When we heard that filmmaker Alison Chernick had made a biopic about Martin Margiela, launching at the Tribeca film festival and now online, we were excited. The cult designer has never been photographed in public, and never once taken a catwalk bow. No one outside his inner circle knows what he looks like, beyond one grainy and unverified picture on Google Images. Finally, we’d get to see the real Margiela!
Well, actually, we don’t. (The clue is in the title.) Although this documentary was made with the full support of Margiela, he never appears in it. (We do get one nugget: Jean Paul Gaultier, whom Margiela assisted earlier in his career, tells us that “Martin is very tall”.) So, how do you make a biopic about a man who has never appeared on camera?

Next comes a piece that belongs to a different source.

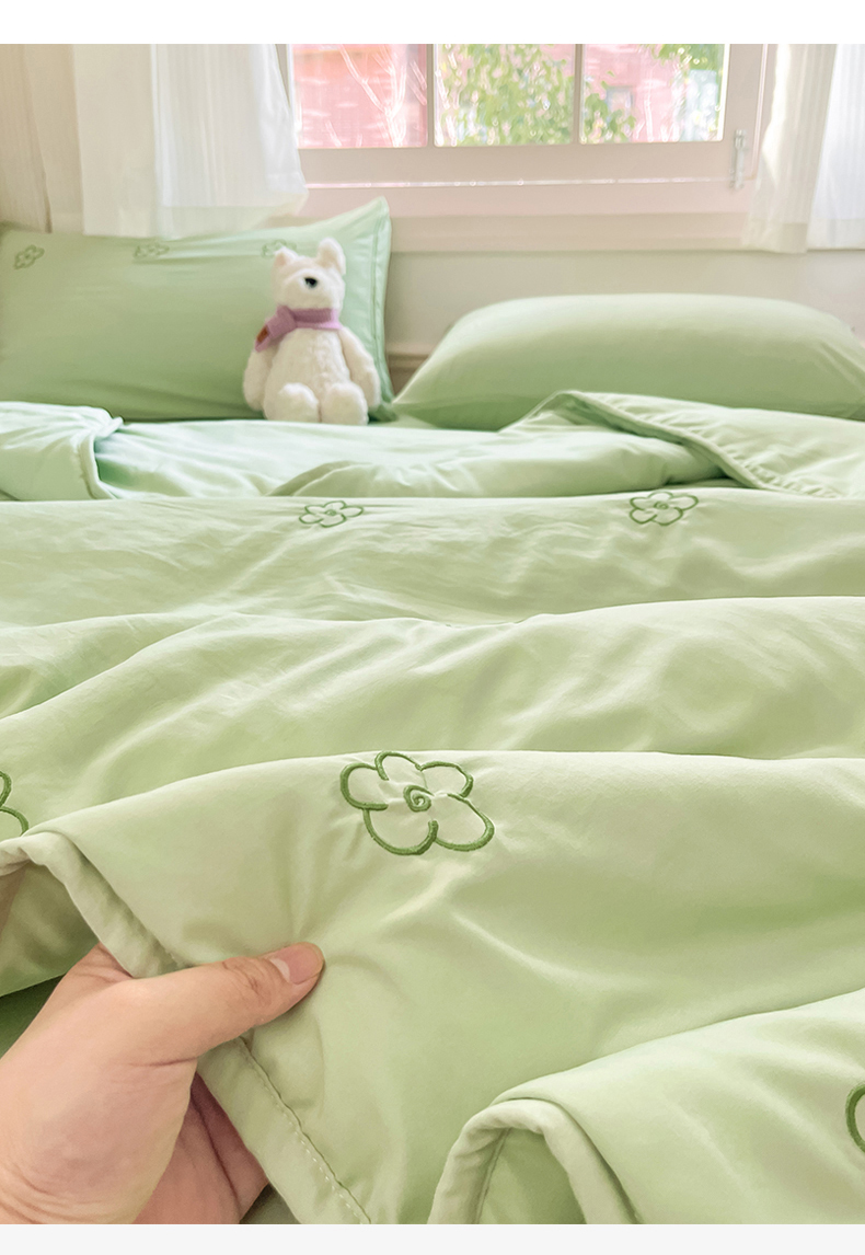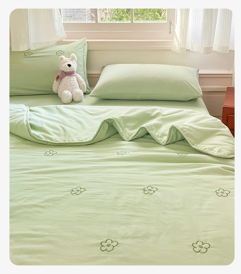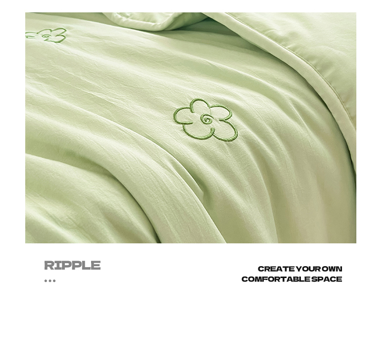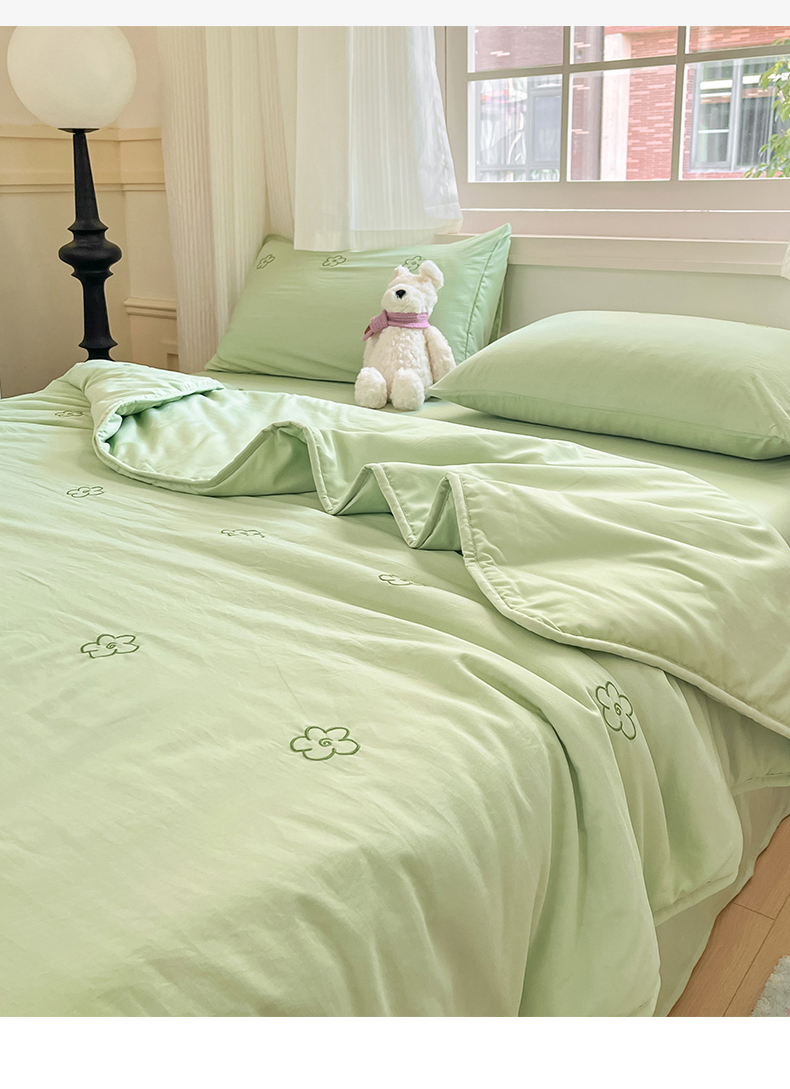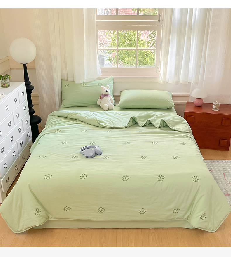 盛秋家纺 2026新款A类水洗棉刺绣夏被 灰绿花朵

You do it the Margiela way, that’s how. Margiela is about fashion and design in its purest form: no glamour, no image, no ego. In an industry where superstar designers are the norm, he insisted on working collaboratively with his teams. He made collections, which became the hot tickets of Paris fashion week, out of plastic carrier bags and wire coat hangers. He never booked celebrity models, and often covered his models’ faces in hoods.
The result is a 12-minute film which may not show us Margiela, but gives a real sense of the man. You get to see his awesome “collaborators”, the coolest talking-heads ever, who wear black and chain-smoke in the rain while talking about how Margiela subverted the media-circus of fashion and “forced you to look at the clothes”. You get to hear Suzy Menkes talking about the “Greta Garbo of fashion”, footage of his packed-out early fashion shows, and of make-up artists obscuring models’ faces backstage with black paint on decorator’s brushes. Apparently Chernick, who had found some early footage of Margiela with Jean Paul Gaultier, was disappointed when this was vetoed. But as fashion historian Olivier Saillard says in the film, Margiela “proved that you could make things out of nothing, and that’s a very comforting idea for the world”. An anonymous biopic: what could be more Margiela than that?
The Artist is Absent is the first documentary produced by Yoox Group, the internet shopping portal that in March announced its merger with Net a Porter.